I am based in the EU, in case that’s relevant.

Thanks!

mathieu-vallee · 27 June 2024 12:57

Looking at the website is seems that the content is “© Electricity North West 2024”.

So I guess you should ask for their permission for republishing the (modified) data set. Since they published it openly, they will probably be OK ?

In the process, you could indeed advise them to add an explicit licence, if they indeed want to grant others the right to use this work.

marvha · 27 June 2024 14:52

thanks for the prompt reply.
unfortunately, they are not very responsive, but I’ll try again I guess…
but also, isn’t there an exception to copyright for non-commercial research purposes, if there is no license?

robbie.morrison · 27 June 2024 18:12

Hi @marvha.

Comment: This main section mistakenly assumes the original data would be added to GitHub too. So read on with this misunderstanding in mind …

A couple general comments first. Jurisdiction is important. Given the data originates in the United Kingdom, their law almost certainly applies. The UK has an unusually low threshold for copyright and still has the European database directive on its statues. So one has to assume copyright and/or database rights can apply. Corporations may be more caviler in this regard but researchers are normally highly risk averse and need clear and suitable terms of use and reuse.

For some more specific material, as it relates to the United Kingdom:

Pang, Yiu-Shing (7 November 2022). Open licences. LinkedIn. Blog.
NGED (2023). National Grid — Open data licence. National Grid. London, United Kingdom.

I believe the National Grid license is based on the United Kingdom Open Government Licence v3.0. The OGL‑UK‑3.0 claims the choice of law to be English law. That provision may well not stand as it is difficult to write binding choice of law provisions into public licenses. But doubtless most forms of infringement will point to the United Kingdom through considerations like the origin of content, location of servers, and place of alleged infringement. The choice of law provision also disqualifies that license as “open” as per The Open Definition.

I have seen civil society organizations based in the United States do much what you propose with third‑party network data. In one case, the original provider followed up and the civil society organization essentially invited the original provider to litigate. Although the original provider easily had the means, they chose not to pursue their claim. Read into that what you will.

Another anecdote. A person on the panel at a recent webinar asked why energy researchers are not making better use of the ENTSOE‑E Transparency Platform (TP). A major reason, in my view, is that the data remains legally encumbered — or at least there is no certainty that it is not. I should add there were major efforts when the openmod first formed to gain Creative Commons CC‑BY‑4.0 licensing on the TP but that decision never happened. Relative to English law, there is even less chance that copyright or database rights apply to the TP and could be successfully litigated — but that legal uncertainty nonetheless remains under present conditions.

To respond to your question about legal exceptions for research purposes — but unfortunately I cannot comment in the context of English law.

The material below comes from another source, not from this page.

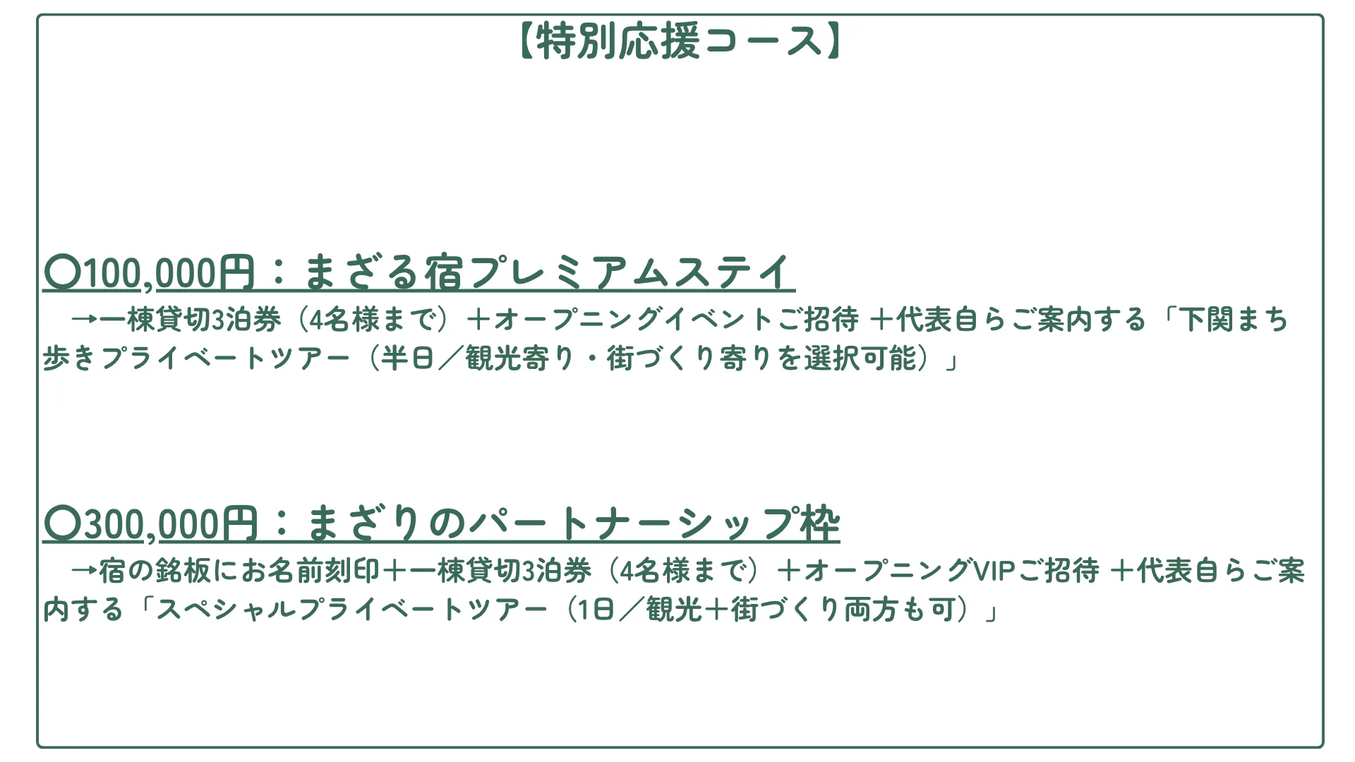 3月以降 宿泊券のご利用、特別コースのリターン開始

In the United States, you would not need a seek a defence because this material would be free of intellectual property. In Germany, there are detailed exceptions for research and education. There are also European level exceptions for data scraping too, duly enacted in national laws (and probably still present, post‑Brexit, in UK law). But neither sets of provisions are broad enough to allow a third party (such as yourself) to relicense under CC‑BY‑4.0 and republish. To note that the US affirmative defences you could employ fall under the rubric of “fair use”. The US employs such defences, largely built up through case law. Germany, on the other hand, lists detailed exemptions in its copyright statute (UrhG), also officially translated into English.

Is this all a bit a mess? Yes. It it going to be cleaned up anytime soon? Unlikely. So what can we do? Push for CC‑BY‑4.0 licensing on primary data and CC0‑1.0 on metadata. There have been a few successes along the way — one being the German BNetzA SMARD site.

One final thought. Perhaps you can get the National Grid license applied rather than push for the Creative Commons attribution license? HTH, R.

Addendum: And sorry, I missed your original question about sharing just the edits or diffs. The same kind of question could arise with software — except that a public license is require to run software, be it in binary or source form — so that question cannot really occur. I will ask elsewhere and get back to you in say one weeks time. There is lots of copyright law on derivative works as they apply to original creative material. But I’ve not heard of anything related to numerical data in this context. Back in due course.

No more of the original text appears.